■ **PROBLEM DESCRIPTION**:
Retype only the lines below from the one with "Table 9 supports" to the one with "Machinery: Volvo Penta", inclusive, skipping every image.

■ **WORKING DATA**:
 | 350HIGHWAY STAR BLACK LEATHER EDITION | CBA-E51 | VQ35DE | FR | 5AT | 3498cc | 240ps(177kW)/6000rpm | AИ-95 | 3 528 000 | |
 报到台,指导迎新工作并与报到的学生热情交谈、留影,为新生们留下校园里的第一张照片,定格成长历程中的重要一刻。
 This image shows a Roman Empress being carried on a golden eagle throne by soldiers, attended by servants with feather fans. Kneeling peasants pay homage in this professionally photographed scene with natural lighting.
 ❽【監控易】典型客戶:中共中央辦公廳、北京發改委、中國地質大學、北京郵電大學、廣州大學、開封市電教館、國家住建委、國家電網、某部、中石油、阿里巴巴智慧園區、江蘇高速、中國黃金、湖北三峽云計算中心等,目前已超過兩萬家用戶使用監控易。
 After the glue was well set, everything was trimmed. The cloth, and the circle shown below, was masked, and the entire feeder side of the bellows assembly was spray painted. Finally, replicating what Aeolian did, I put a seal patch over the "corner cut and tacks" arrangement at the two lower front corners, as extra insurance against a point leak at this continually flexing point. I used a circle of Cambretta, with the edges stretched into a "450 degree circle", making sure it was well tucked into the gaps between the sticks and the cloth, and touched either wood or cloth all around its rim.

---

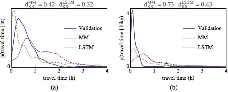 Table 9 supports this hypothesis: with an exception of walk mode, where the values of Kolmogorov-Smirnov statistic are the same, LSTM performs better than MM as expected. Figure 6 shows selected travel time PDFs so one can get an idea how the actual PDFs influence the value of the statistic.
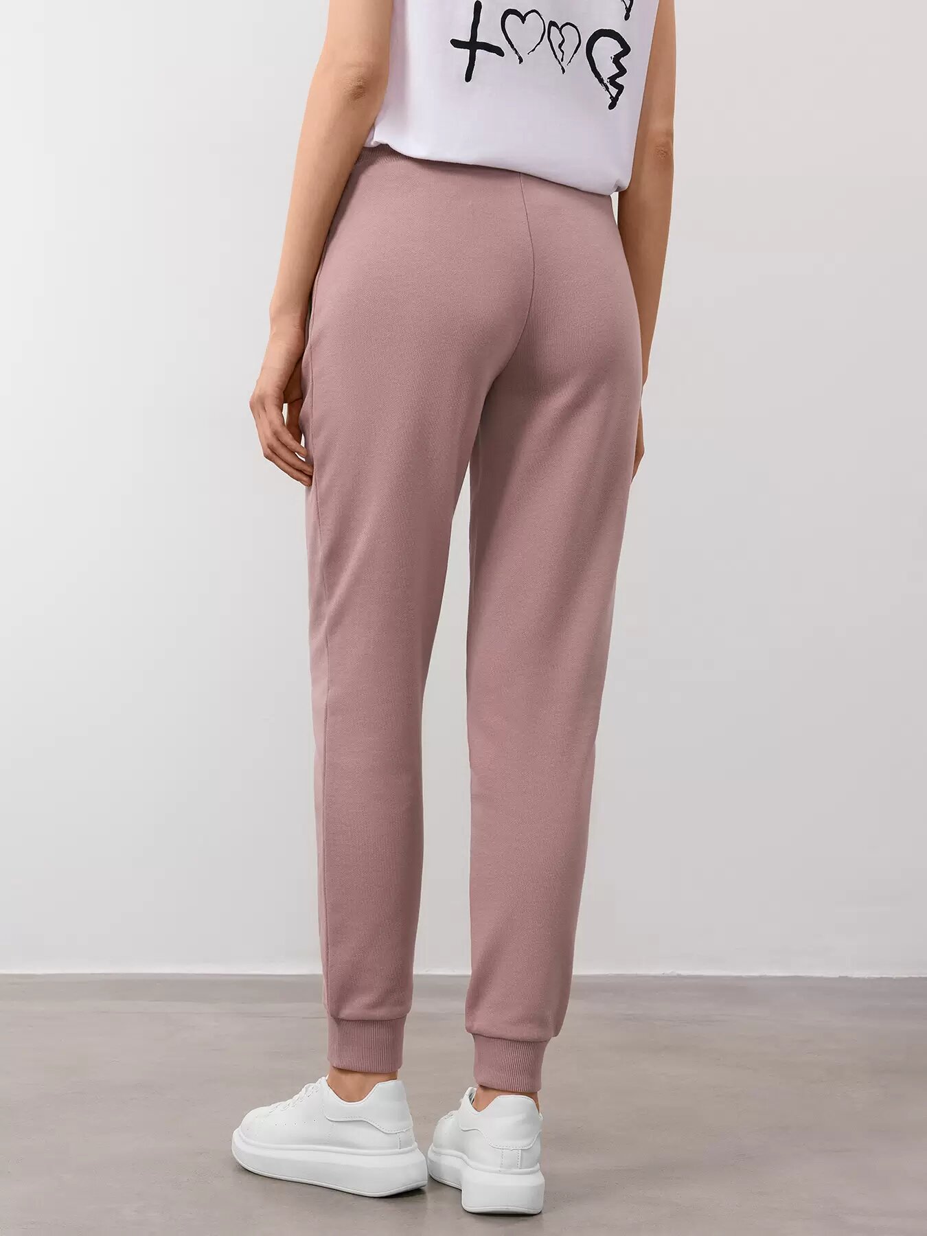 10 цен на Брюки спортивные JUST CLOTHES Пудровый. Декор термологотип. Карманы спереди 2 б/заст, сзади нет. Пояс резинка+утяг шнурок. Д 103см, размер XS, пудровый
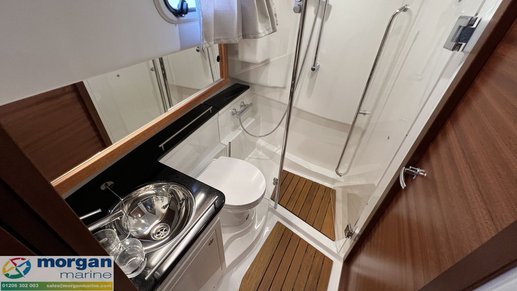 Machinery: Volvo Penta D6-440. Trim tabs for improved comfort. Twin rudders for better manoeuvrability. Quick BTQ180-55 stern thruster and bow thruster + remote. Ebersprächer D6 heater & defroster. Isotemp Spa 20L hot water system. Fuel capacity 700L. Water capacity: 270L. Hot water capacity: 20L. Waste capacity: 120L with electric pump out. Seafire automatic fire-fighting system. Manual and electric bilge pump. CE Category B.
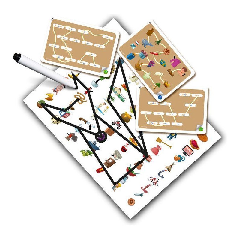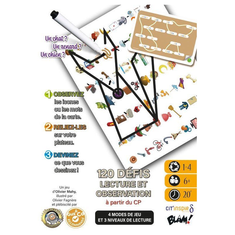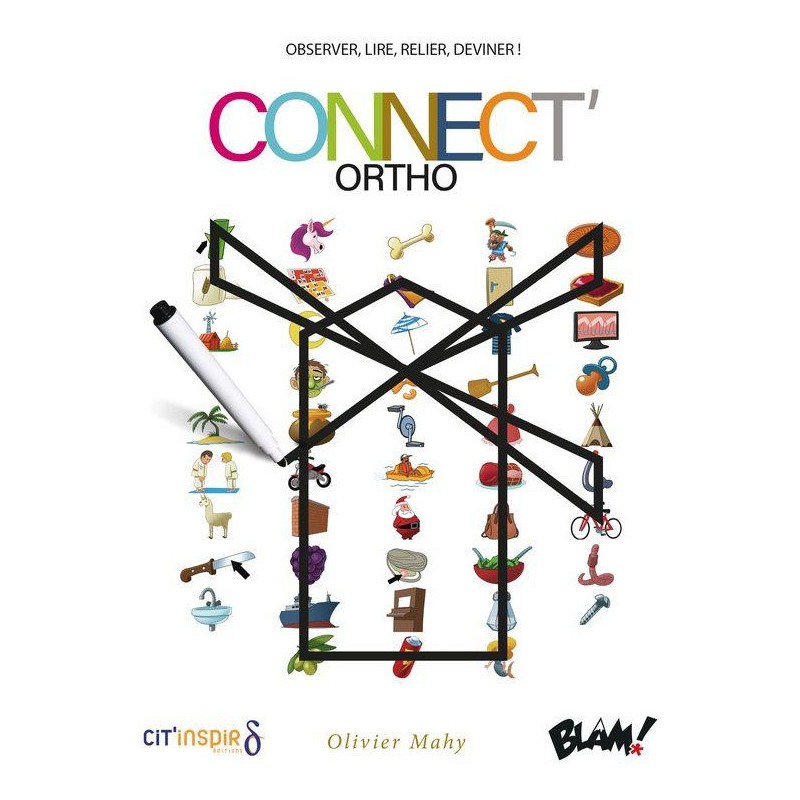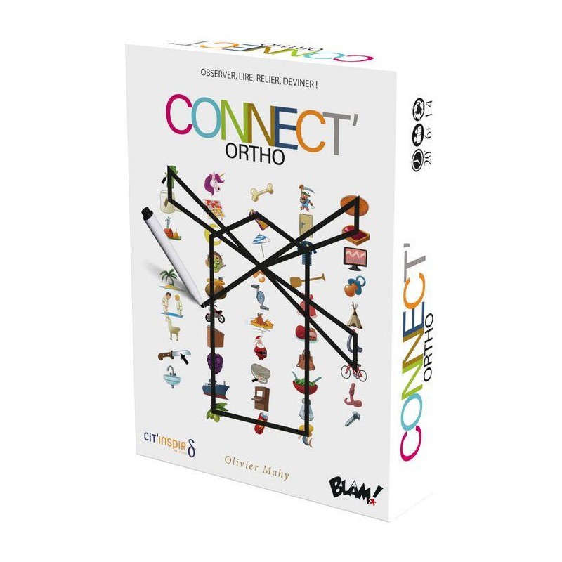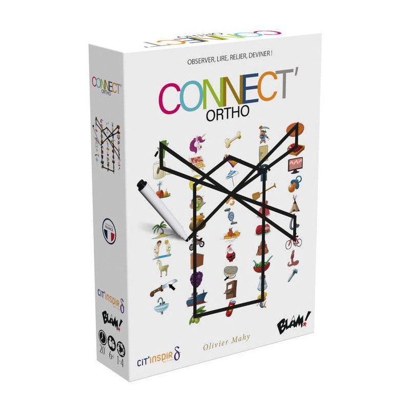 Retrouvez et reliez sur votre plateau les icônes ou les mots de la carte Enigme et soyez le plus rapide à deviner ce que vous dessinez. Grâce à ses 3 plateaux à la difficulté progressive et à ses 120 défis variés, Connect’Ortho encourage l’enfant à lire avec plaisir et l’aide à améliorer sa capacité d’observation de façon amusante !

■ **SOLUTION TO THIS EXERCISE**:
 Table 9 supports this hypothesis: with an exception of walk mode, where the values of Kolmogorov-Smirnov statistic are the same, LSTM performs better than MM as expected. Figure 6 shows selected travel time PDFs so one can get an idea how the actual PDFs influence the value of the statistic.
 10 цен на Брюки спортивные JUST CLOTHES Пудровый. Декор термологотип. Карманы спереди 2 б/заст, сзади нет. Пояс резинка+утяг шнурок. Д 103см, размер XS, пудровый
 Machinery: Volvo Penta D6-440. Trim tabs for improved comfort. Twin rudders for better manoeuvrability. Quick BTQ180-55 stern thruster and bow thruster + remote. Ebersprächer D6 heater & defroster. Isotemp Spa 20L hot water system. Fuel capacity 700L. Water capacity: 270L. Hot water capacity: 20L. Waste capacity: 120L with electric pump out. Seafire automatic fire-fighting system. Manual and electric bilge pump. CE Category B.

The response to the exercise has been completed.